Exercise materials:
==*==
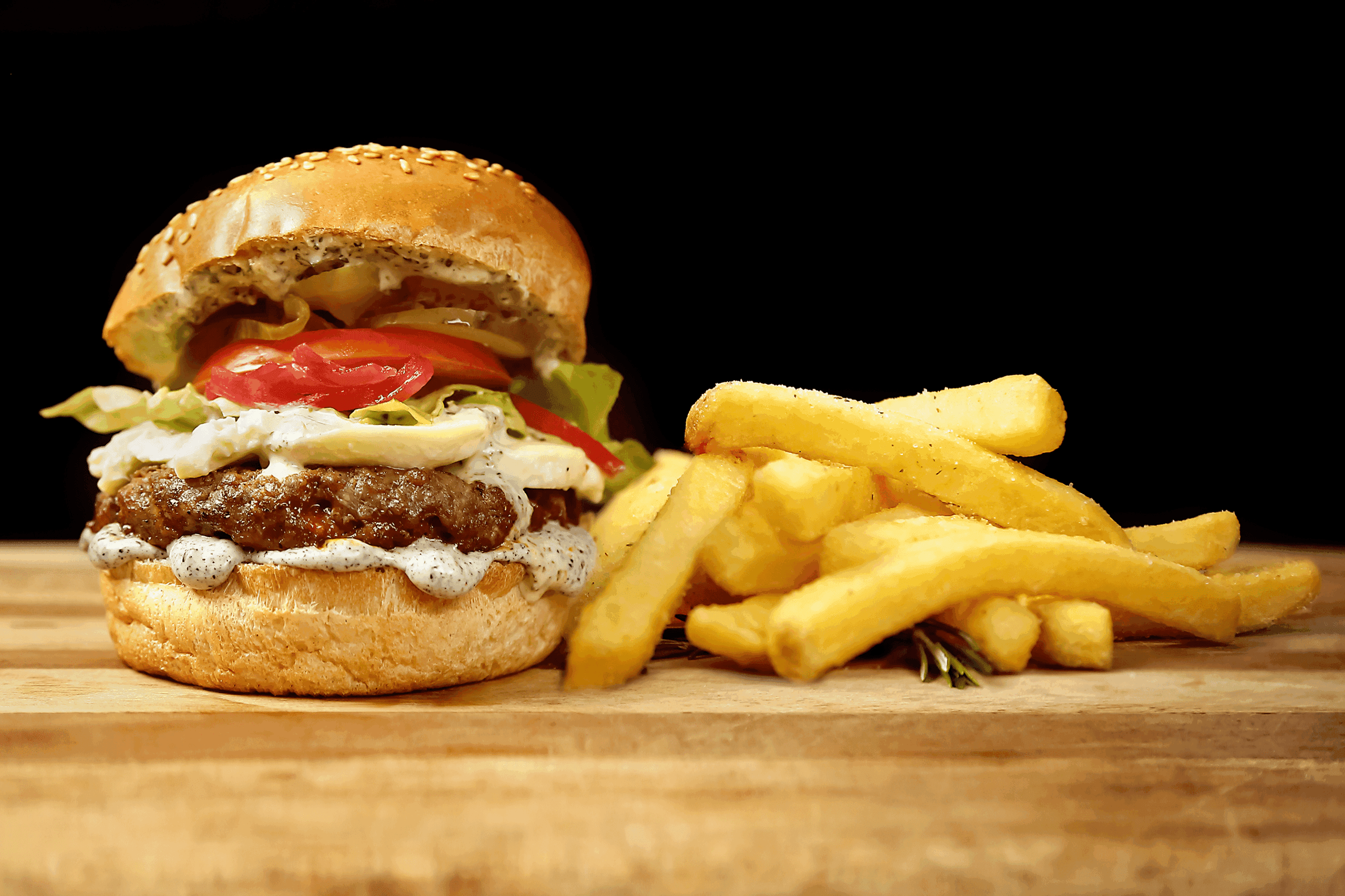 An Argentinean-inspired beef patty with smoky charcoal mayonnaise, creamy fior di latte mozzarella, and zesty chimichurri sauce, finished with pickled red onions–an enticing fusion of wood-fired smokiness and vibrant South American zest.
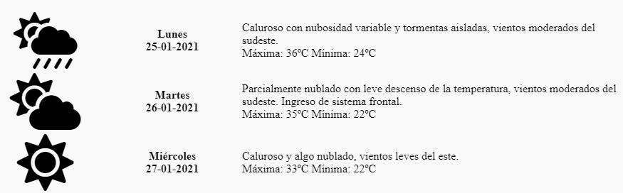 El pronóstico de la Dirección de Contingencias Climáticas indica que para hoy se espera que esté caluroso con nubosidad variable y tormentas aisladas, mientras que para mañana se espera un leve descenso de la temperatura con el ingreso de un sistema frontal. La mínima para hoy será de 24°C y la máxima de 36°C.
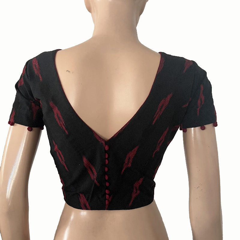 Ikat Cotton Boat neck Blouse with V neck Back & Potli Button Details Black, BI1164
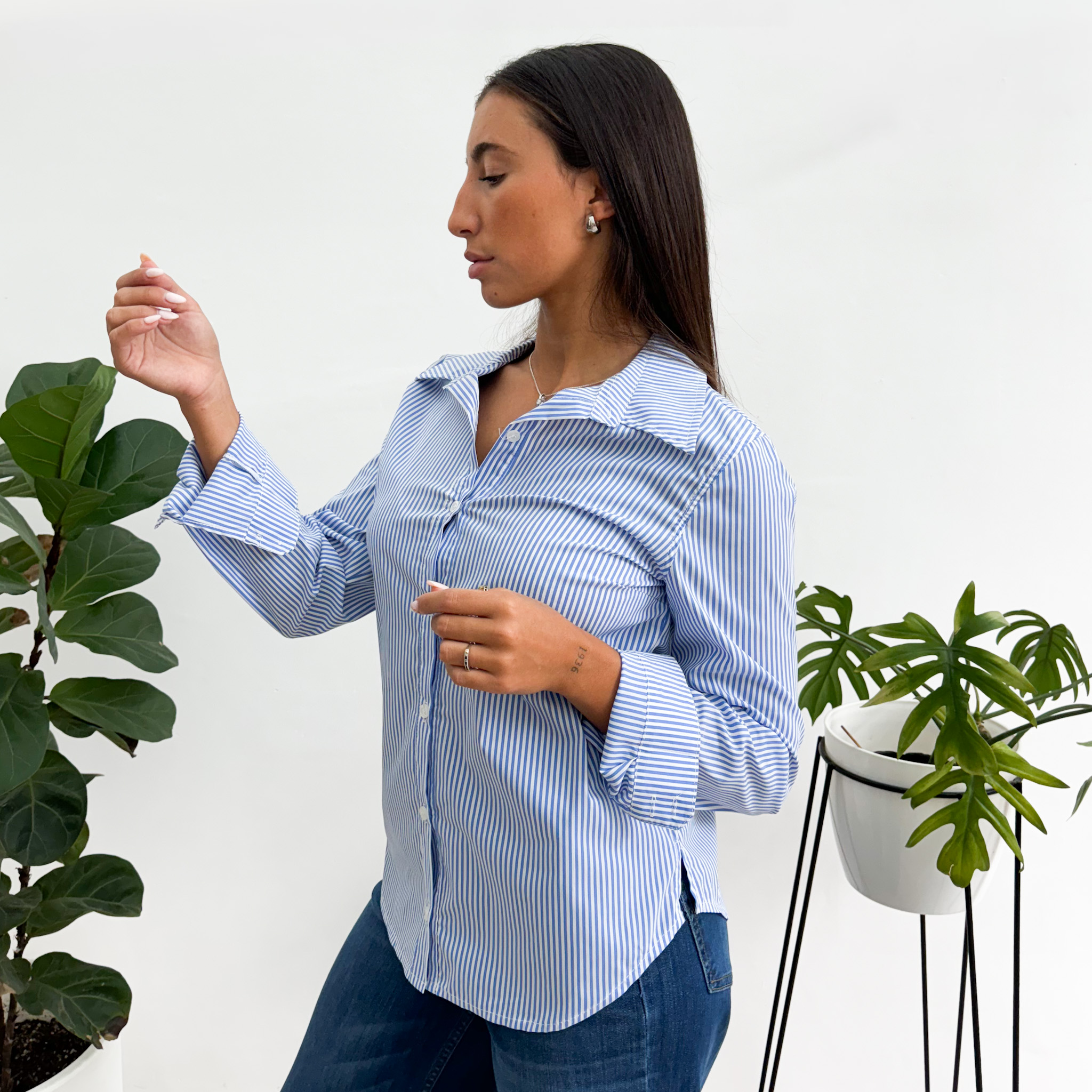 ??La CAMISA EMBER es una camisa A RAYAS divina! Es de corte básico con pinzas de busto que ayudan a definir la silueta. Tiene una terminación en ruedo circular y el plus de la tela, a rayas trendy celeste y blanco.
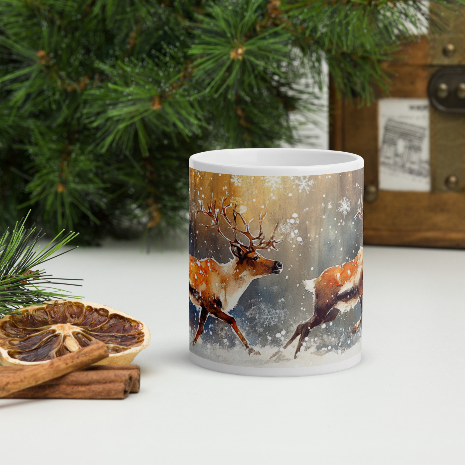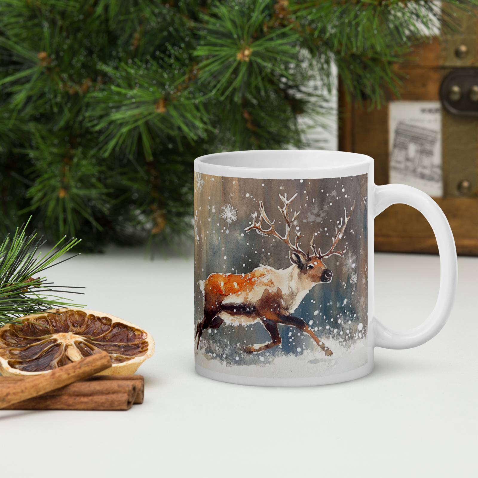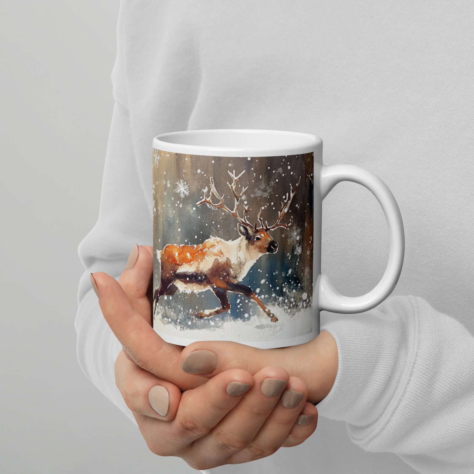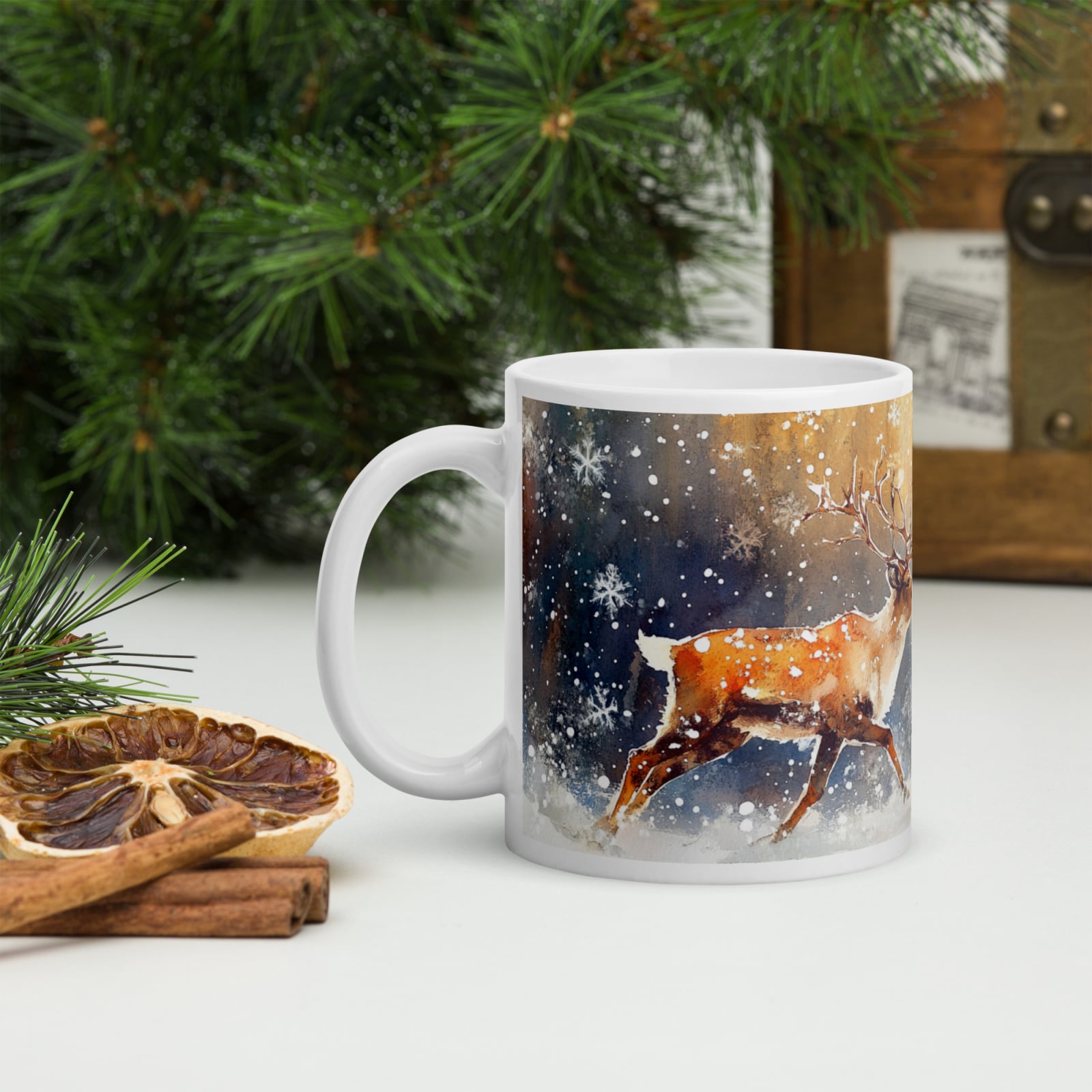 Cana din ceramică de 11 oz / 330 ml aduce o notă festivă oricărei pauze de cafea. Finisajul lucios, marginea confortabilă și mânerul ergonomic asigură o experiență plăcută de utilizare în sezonul rece.
==*==
Exercise details: Your copy of the material above should be exact and free of pictures.

The completed task:
 An Argentinean-inspired beef patty with smoky charcoal mayonnaise, creamy fior di latte mozzarella, and zesty chimichurri sauce, finished with pickled red onions–an enticing fusion of wood-fired smokiness and vibrant South American zest.
 El pronóstico de la Dirección de Contingencias Climáticas indica que para hoy se espera que esté caluroso con nubosidad variable y tormentas aisladas, mientras que para mañana se espera un leve descenso de la temperatura con el ingreso de un sistema frontal. La mínima para hoy será de 24°C y la máxima de 36°C.
 Ikat Cotton Boat neck Blouse with V neck Back & Potli Button Details Black, BI1164
 ??La CAMISA EMBER es una camisa A RAYAS divina! Es de corte básico con pinzas de busto que ayudan a definir la silueta. Tiene una terminación en ruedo circular y el plus de la tela, a rayas trendy celeste y blanco.
 Cana din ceramică de 11 oz / 330 ml aduce o notă festivă oricărei pauze de cafea. Finisajul lucios, marginea confortabilă și mânerul ergonomic asigură o experiență plăcută de utilizare în sezonul rece.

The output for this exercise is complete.